_WHAT THE TASK ASKS_
Starting with the line that holds "Asona - عبوة", repeat each line through the last one below, exactly. Pictures stay out.

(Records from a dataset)
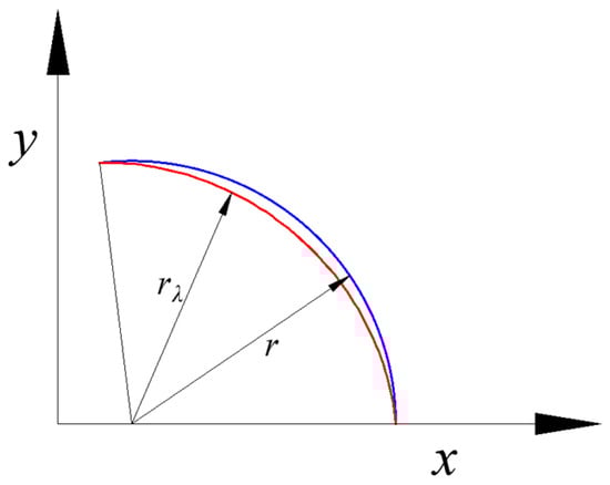 As shown in Figure 4, a comparison between a constant-radius arc and a variable-radius arc is illustrated. For the constant-radius arc, the radius remains unchanged throughout. In contrast, the corresponding variable-radius arc has a radius defined as:
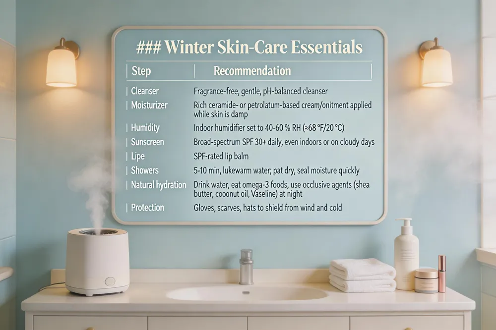 | Winter skin care tips by dermatologists: Use a fragrance‑free, gentle cleanser and follow immediately with a rich, ceramide‑ or petrolatum‑based moisturizer while skin is still damp. Choose creams or ointments over lightweight lotions, especially for hands, feet and very dry areas. A home humidifier set to 40‑60 % humidity counteracts indoor heating and reduces transepidermal water loss. Apply broad‑spectrum SPF 30+ sunscreen daily, even on cloudy days, and protect lips with an SPF‑rated balm. Limit showers to 5‑10 minutes with lukewarm water; pat dry and seal moisture quickly. |
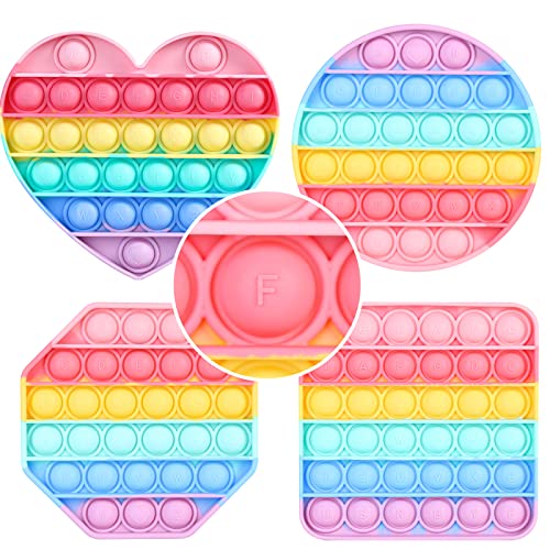 Asona - عبوة ألعاب حسية من ASONA Pop Fidget مع أحرف ، لعبة سيليكون بألوان قوس قزح بألوان الباستيل ، لعبة مواد تعليمية للتخلص من القلق والتوتر والتوحد هدية للفتيات والأطفال والمراهقين والبالغين (ماكارون 4 عبوا
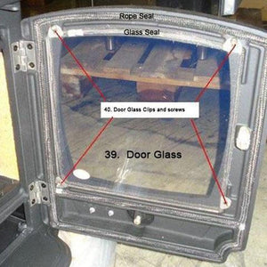 1.4m & 0.3m Remove the old sealing rope from the door (7) and clean any cement & dirt from the rope groove. Run a line of cement along the bottom of the rope groove. Refit a section of Ø8mm rope (CA0802) into the groove with the joint kept to the bottom centre of the door.
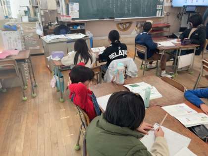 「調べたことを報告しよう」の単元でまずは調べたいこと決め、それぞれのチームに分かれています。
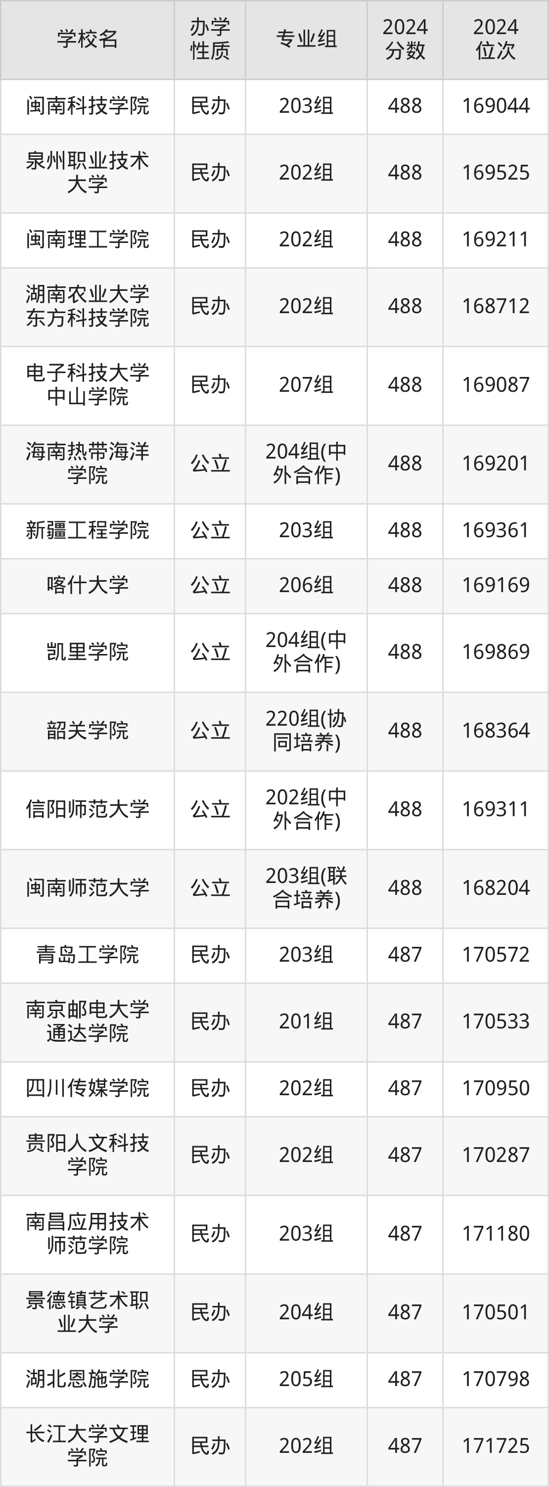 | 闽南科技学院 | 204组 | 484 | 177014 |

_TASK ANSWER_
 Asona - عبوة ألعاب حسية من ASONA Pop Fidget مع أحرف ، لعبة سيليكون بألوان قوس قزح بألوان الباستيل ، لعبة مواد تعليمية للتخلص من القلق والتوتر والتوحد هدية للفتيات والأطفال والمراهقين والبالغين (ماكارون 4 عبوا
 1.4m & 0.3m Remove the old sealing rope from the door (7) and clean any cement & dirt from the rope groove. Run a line of cement along the bottom of the rope groove. Refit a section of Ø8mm rope (CA0802) into the groove with the joint kept to the bottom centre of the door.
 「調べたことを報告しよう」の単元でまずは調べたいこと決め、それぞれのチームに分かれています。
 | 闽南科技学院 | 204组 | 484 | 177014 |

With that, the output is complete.